The euro zone
That sinking feeling (again)
If Germany , France
and Italy cannot find a way
to refloat Europe ’s economy, the euro may yet
be doomed
Aug 30th 2014 | From the print edition / http://www.economist.com/news/leaders/21614137-if-germany-france-and-italy-cannot-find-way-refloat-europes-economy-euro-may-yet-be
JUST a few
months ago the euro zone’s leaders believed that, having weathered the storm,
they were set fair at last. Buoyed by the promise of Mario Draghi, the
president of the European Central Bank, to do “whatever it takes” to support
the currency, confidence had seeped back into the continent. Growth seemed to
be returning, albeit at a slow pace. Troubled peripheral countries were
recovering, after bail-outs and painful measures to cut budget deficits and
improve competitiveness. Unemployment, especially among the young, was still
desperately high, but at least in most countries it was falling. And bond
spreads had narrowed sharply, as financial markets stopped betting that the
euro would fall apart.
It was an
illusion. In recent weeks the countries of the euro zone have begun to take in
water once again. Their collective GDP stagnated in the second quarter: Italy fell back into outright recession, French
GDP was flat and even mighty Germany
saw an unexpectedly large fall in output (see article). The third quarter looks
pretty unhealthy, partly because the euro zone will suffer an extra drag from
Western sanctions on Russia .
Meanwhile, inflation has fallen perilously low, to around 0.4%, far below the
near-2% target of the European Central Bank, raising fears that the zone as a
whole could fall prey to entrenched deflation. German bond yields are hovering
below 1%, another harbinger of falling prices. The euro zone stands (or
wobbles) in stark contrast with America
and Britain ,
whose economies are enjoying sustained growth.
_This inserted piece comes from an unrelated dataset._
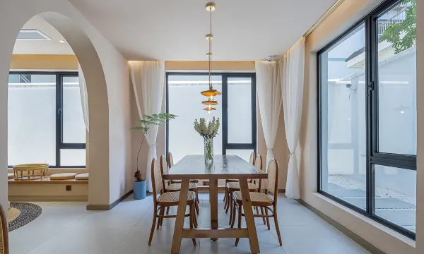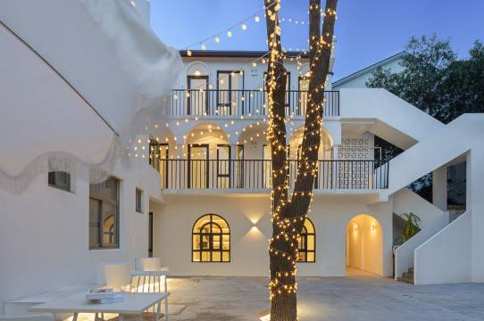 遇见礼白,惊艳时光。礼即致敬,白即简约。民宿就是想为顾客打造最纯净的时光。本民宿位于绍兴延安路未蓝文创园区10号楼,民宿整体为摩洛哥风格。颜色以白色为主,视觉感觉简约大气。白色立柱和黑色栏杆,映衬出黑白分明的高级感。圆形拱门和方形落地窗,为住户营造出浪漫的氛围。

What started more than four years ago as a
banking and sovereign-debt crisis has decayed into a growth crisis that is now
enveloping the three biggest economies. Germany is teetering on the edge of
recession. France
is mired in stagnation. Italy ’s
GDP is barely above its level when the single currency came in 15 years ago.
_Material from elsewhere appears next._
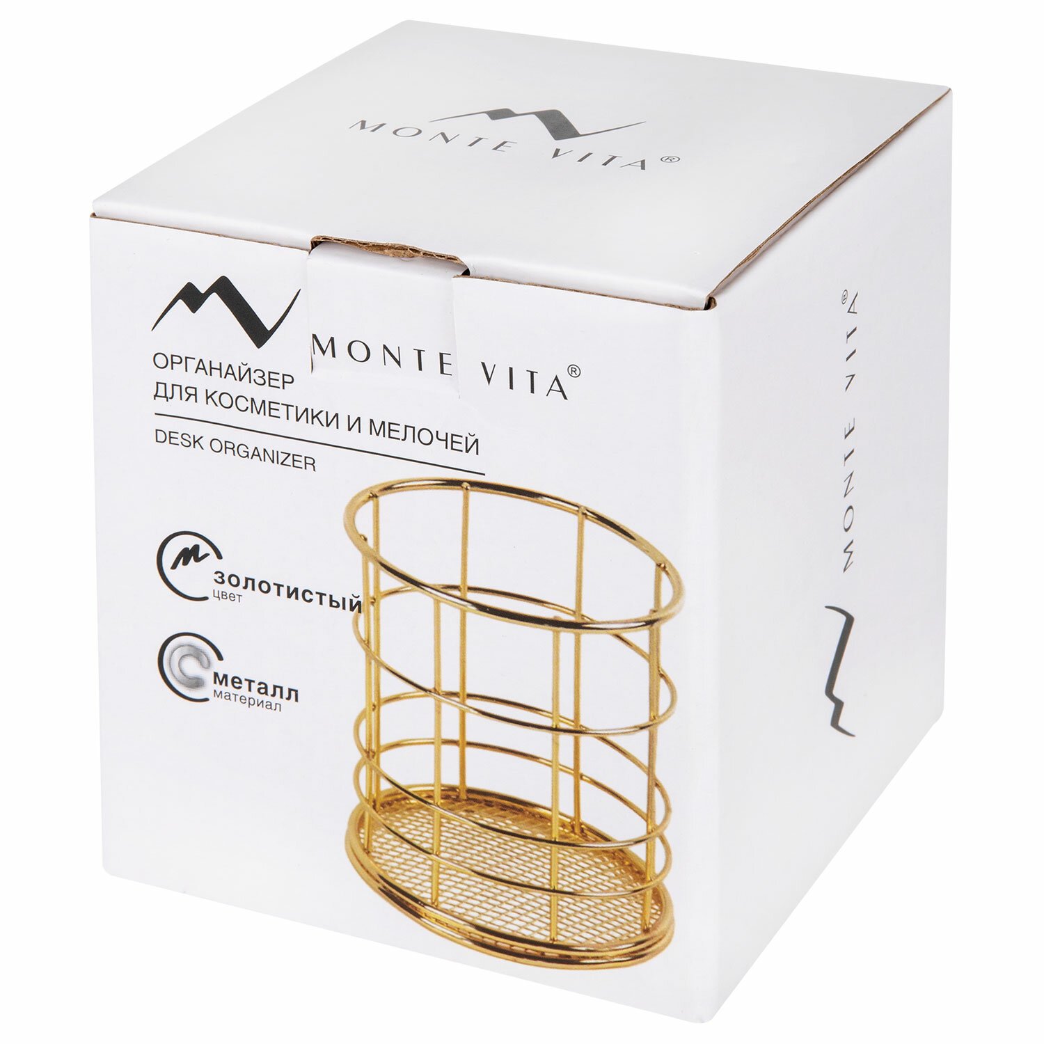 Изготовлен из металла. Имеет размер 100х90 мм. Благодаря своему стильному дизайну, удобству использования и надёжности, органайзер MONTE VITA станет незаменимым аксессуаром для вашего комфорта. Он обеспечит удобное хранение вашей канцелярии, косметики и прочих мелочей, а также легкий доступ к ним.

Since these three countries account for two-thirds of euro-zone GDP, growth in
places like Spain and the Netherlands cannot make up for their torpor.
The underlying causes of Europe ’s
new ills are three very familiar and interrelated problems. First, there is a
shortage of political leaders with the courage and conviction to push through structural
reforms to improve competitiveness and, eventually, reignite growth: the big
countries have wasted the two years bought by Mr Draghi’s “whatever it takes”
commitment. Second, public opinion is not convinced of the urgent need for deep
and radical changes. And third, despite Mr Draghi’s efforts, the monetary and
fiscal framework is too tight, throttling growth—which makes structural reforms
harder.
Clouseaunomics
Different manifestations of these problems
can be seen across the euro zone. But the country that most dramatically
epitomises all three is France .
This week its embattled Socialist president, François Hollande, was forced to
reshuffle his government to eject Arnaud Montebourg who, despite being economy
minister, was his own side’s most persistent critic from the left (see
article). Mr Hollande, who came to office in 2012 promising a painless future,
is hardly a Thatcherite reformer. But since he appointed Manuel Valls as prime
minister in March, he has at least embraced the principle of public-spending
cuts, lower taxes and structural reforms.
In theory a new and more cohesive reforming
government could make progress, but public opinion is not remotely prepared for
that. Mr Hollande is not just deeply unpopular; unlike Italy’s Matteo Renzi,
who has bravely made the case for (as yet undelivered) tough reforms, the
French president has failed to convince voters that painful change, including a
reduction in the size of the state, is inevitable. Instead, Mr Montebourg and
his chums offer the beguiling notion that, if only the euro zone scraps its
rules and allows bigger budget deficits and generous enough public spending, no
more painful reforms will be needed, because the economy will miraculously lift
itself out of danger by its own bootstraps.
Mr Montebourg’s argument is all the more
seductive because he is right about Europe’s third problem: excessive
austerity, largely forced on the continent by Germany . Mr Draghi has just
implicitly conceded that fiscal and monetary policy in the euro zone is too
tight at the annual economics jamboree in Jackson Hole .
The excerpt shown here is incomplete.